Therefore, this paper combined the constructed adaptive OMP algorithm with the improved K-SVD algorithm to solve the problem that rolling bearing fault signals are too difficult to extract in an environment of strong noise or over a long duration.

2. Theoretical Derivation

Rolling bearing faults are periodically distributed. When the fault damage occurs, its vibration waveform will change, and the fault damage can be identified, using algorithms, from the collected vibration signals [31]. The OMP algorithm and K-SVD algorithm are both common algorithms for bearing signal extraction, but they have certain limitations when used alone, such as the weak adaptability of the OMP algorithm and the easy occurrence of artificial errors with the K-SVD algorithm. The adaptive OMP algorithm and improved K-SVD with a changed termination rule were therefore proposed to solve these problems.
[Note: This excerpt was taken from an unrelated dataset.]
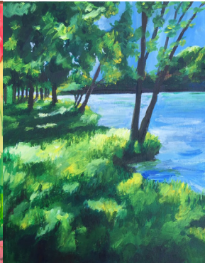
Sanctuary Laurie Budhu

2.1. Adaptive OMP Algorithm

In the running process of rolling bearing, because of the low manufacturing accuracy, inaccurate installation and positioning, or failure, load misalignment will result in harmonic components, and the harmonic components will modulate the impact components, resulting in a large number of harmonic components and modulation components in the collected signals, thus affecting the extraction of instantaneous pulse components.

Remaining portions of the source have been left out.